■ Given information ■

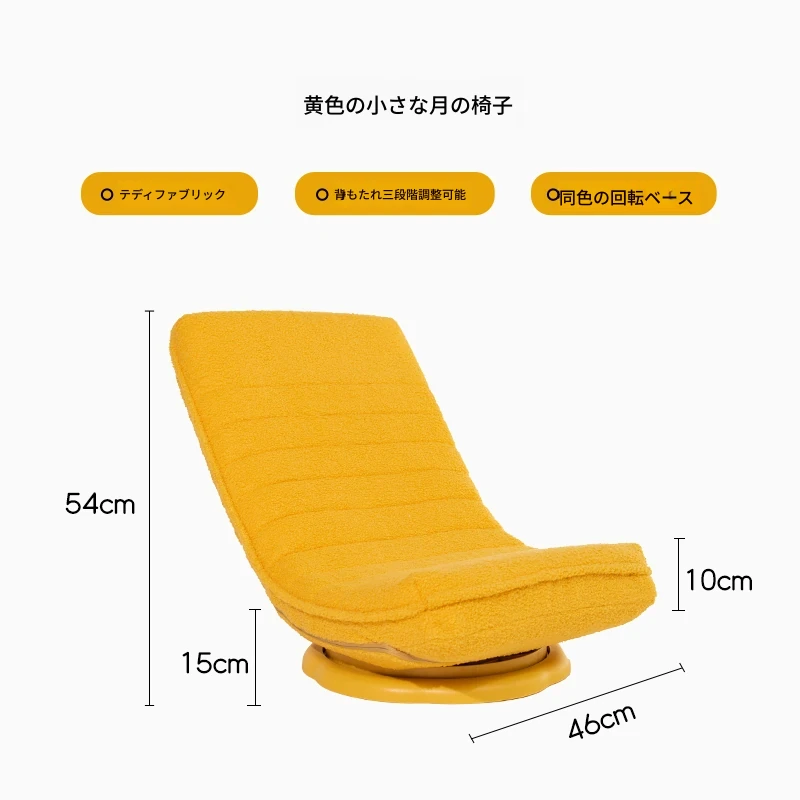 小型月亮椅明るい黄色【肌触りの良いテディベアフリース生地】【全身同色布】
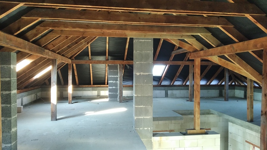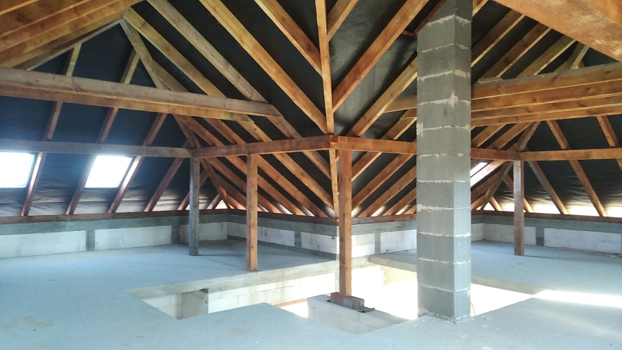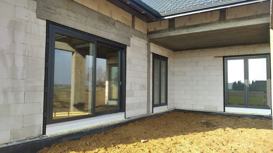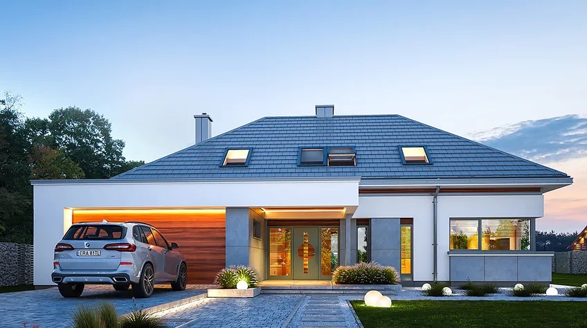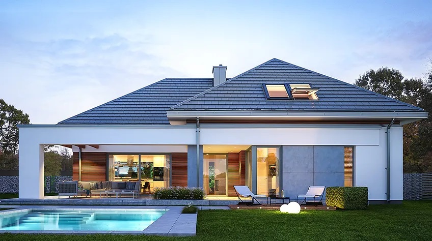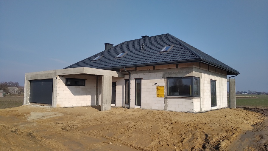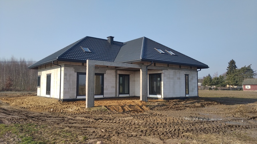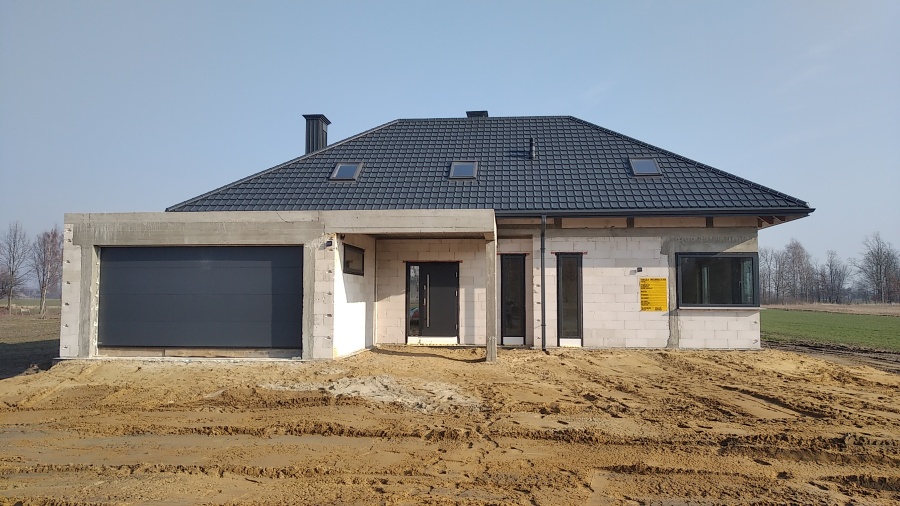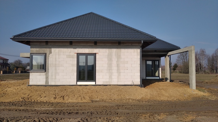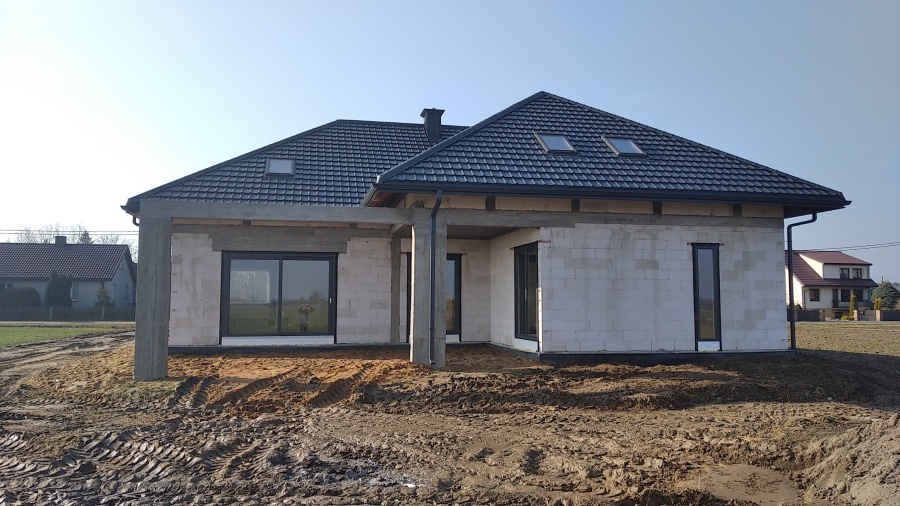 Dom zwieńczony jest wielospadowym dachem, pokryty blachodachówka firmy Pruszyński Fiord.
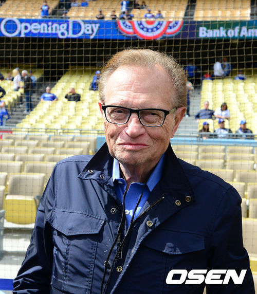 경기 전 토크쇼 진행자 래리 킹이 취재진의 카메라를 보며 미소짓고 있다. / rumi@osen.co.kr

■ What you should do ■
Retype the lines above exactly, no pictures.

■ Written reply ■
 小型月亮椅明るい黄色【肌触りの良いテディベアフリース生地】【全身同色布】
 Dom zwieńczony jest wielospadowym dachem, pokryty blachodachówka firmy Pruszyński Fiord.
 경기 전 토크쇼 진행자 래리 킹이 취재진의 카메라를 보며 미소짓고 있다. / rumi@osen.co.kr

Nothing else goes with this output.